Maersey said that the public’s misconceptions drew her away from the fandom for some time.
“I actually came away from the community for several years and then came back, partially because of some of the misconceptions … I went to arts school, so a lot of people said, ‘oh that’s lesser,’ it’s not what you should be throwing yourself at,” she said. “And then I’m like, no I actually really like this, this is fun, I’m going back.”
There are some, of course, that embrace the culture’s adult-themed elements.
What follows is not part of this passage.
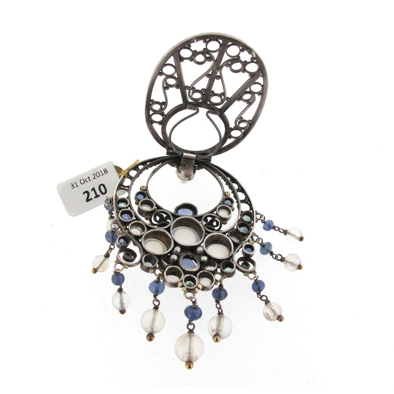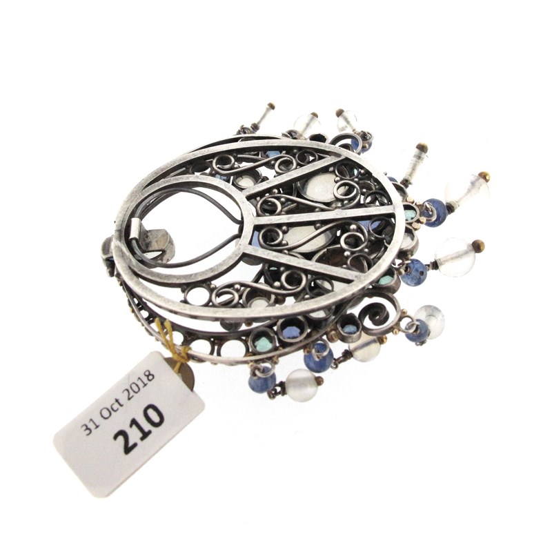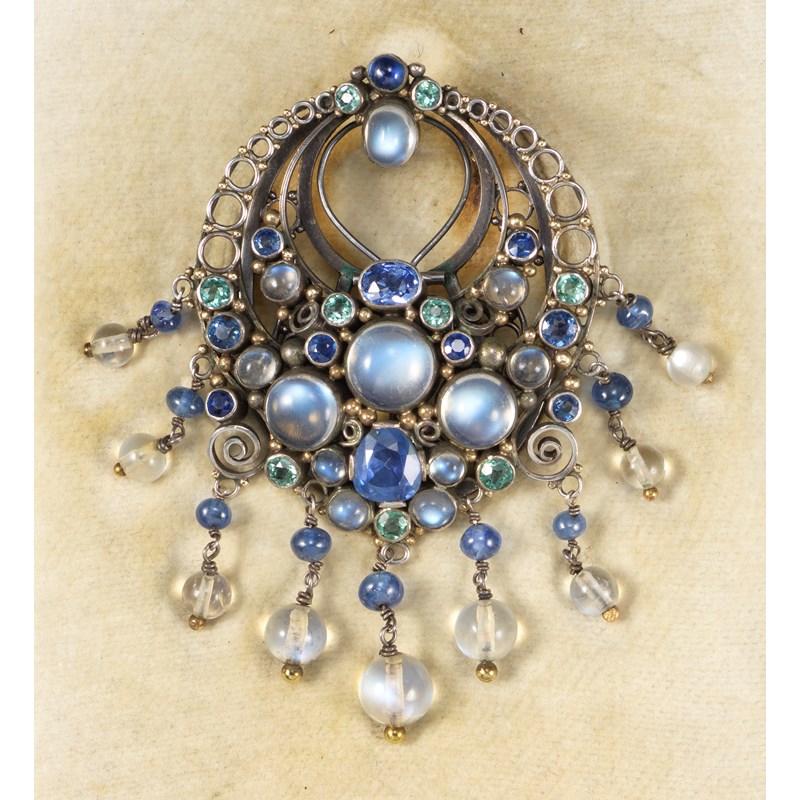 An Arts & Crafts silver brooch attributed to Dorrie Nossiter, c1930, set with a cluster of moonstones, native-cut sapphires and zircons with matching polished bead fringe, openwork silver frame and clip, 7.2cm high, fitted Dorrie Nossiter case

Bushycat, a vendor who sells art in the dealer's den, is one of them.
“In my opinion anybody that says the fandom needs to be totally clean and totally family-friendly and should not involve adult art, bullcrap … there’s this delightful element with lots and lots of naked furs and fetish and just all the adult stuff, anybody who says 'oh, that just doesn’t exist,' yes it does, but there’s a time and a place for everything,” she said.
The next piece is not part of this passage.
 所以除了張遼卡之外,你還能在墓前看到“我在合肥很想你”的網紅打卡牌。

Some of the art she sells at her table is adult-themed.
“You make sure that it’s not viewed by anybody underage -- it covers their butts, it covers our butts,” she said. “There’s enough room for all kinds of stuff.”
Bushycat has been going to furry conventions since 1996. Over time, she’s seen the culture moving more and more into the mainstream.
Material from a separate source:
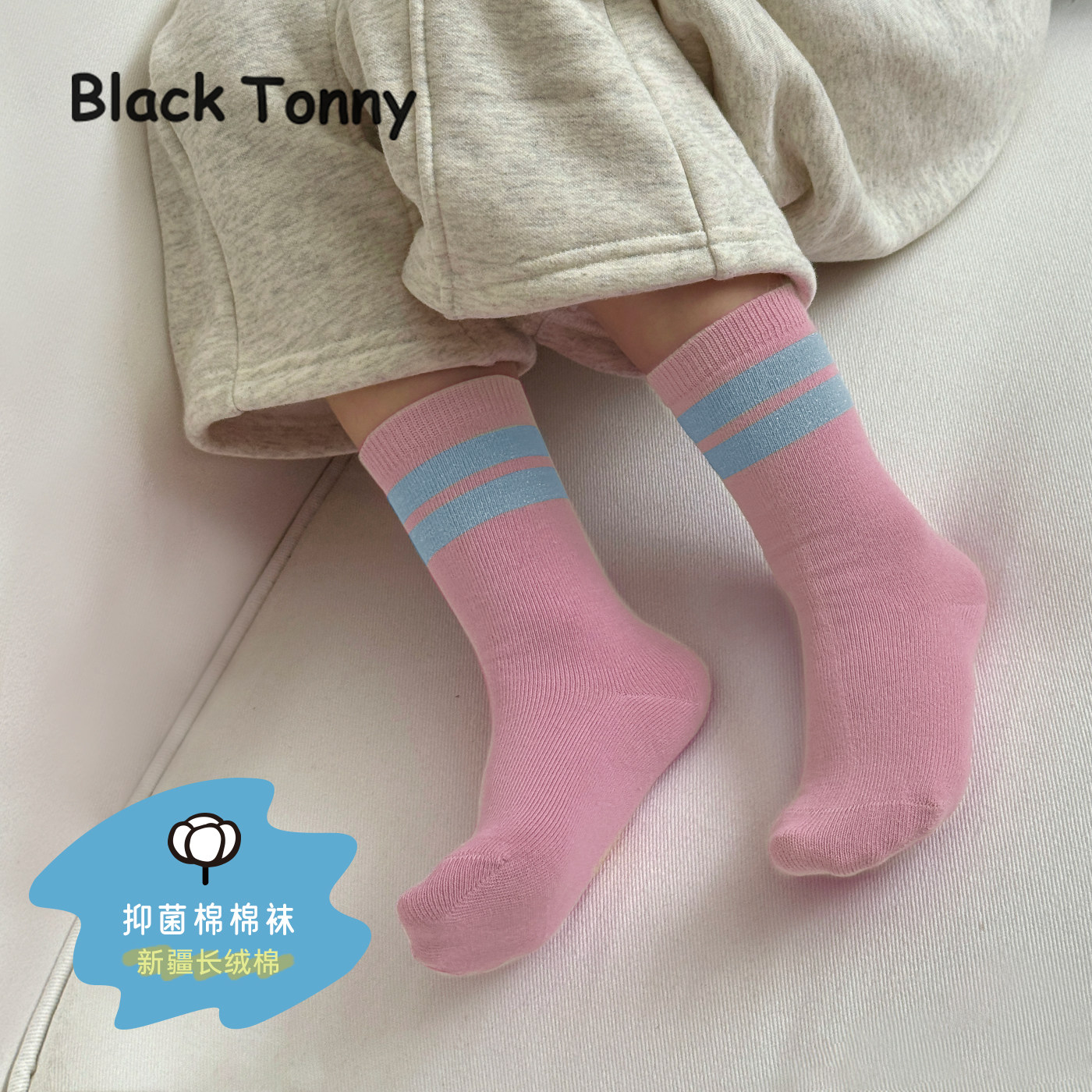 小黑托昵儿童袜子男女童秋冬男宝宝吸汗无骨宝宝棉袜学生中筒袜子

“I actually prefer it to be more [of] a fringe, weird kind of a cliquey thing,” she said. “I started this in '96, and it was damned unusual, it was really kind of out there, and I prefer that, I like the weird stuff.”
Whatever their leaning, furries often find acceptance in the community that they’re missing outside of conventions.
“You could walk into any fur convention and just be accepted for who you are, it doesn’t matter what you look like,” Bidis, who is genderfluid, said. “It doesn’t matter your thoughts on this or that; everybody just really accepts you.”